Ms. Newcastle also expressed dismay at the consultation process so far, saying her organization is planning to meet with MPs and participate in committee once the legislation is tabled.

“There’s a difference between being consulted and having meaningful consultation,” she said.

Ms. Beazly said the Evangelical Fellowship has hosted MP breakfasts and film screenings to push its position, and has been participating in public forums across the country with Defend Dignity, a group seeking to end prostitution run from the Christian and Missionary Alliance in Canada. They’ve held 27 forums together across the country to explain the position they’re advocating with hundreds attending, Ms. Beazly said. The sessions end by encouraging those in attendance to contact their MP.

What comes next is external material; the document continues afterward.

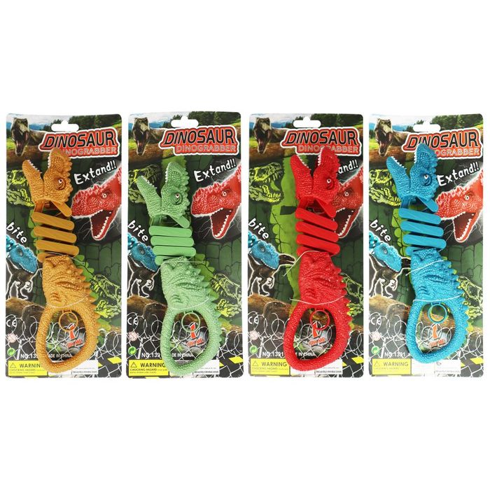 Prehistoric dinosaur grabbers! Pull the trigger to expand the dino mouth to grab anything out of reach. Orange, Green, Blue and Red

“And we have heard that MPs did, in fact, receive significant numbers of letters out of these events and you know how that works. They have to kind of sit up and say, ‘Oh, what am I going to do about this now. What is my positioning going to be?’” she said.

Ms. Beazly said it’s encouraging to have a member of the Conservative caucus onside in Ms. Smith. After meeting with MPs from all parties, she thinks all the caucuses are split on the issue and nobody’s certain about the best approach.

Timothy Smith, who manages government relations and communications for the Canadian Association of Chiefs of Police, said the organization tried to bring various chiefs from across the country together for the Justice consultation but couldn’t find a common position.

“The CACP did hold its own internal discussion around this issue and we found that police services across Canada [had] differing opinions, as is the case within the public landscape on this issue,” he said in an interview. “And that’s the truth. It’s going to be a tough decision for the minister to have to come up with consensus in all this that will appease everyone… Even within individual police services there were not necessarily agreements as to, should it be legalized, should it not be legalized.”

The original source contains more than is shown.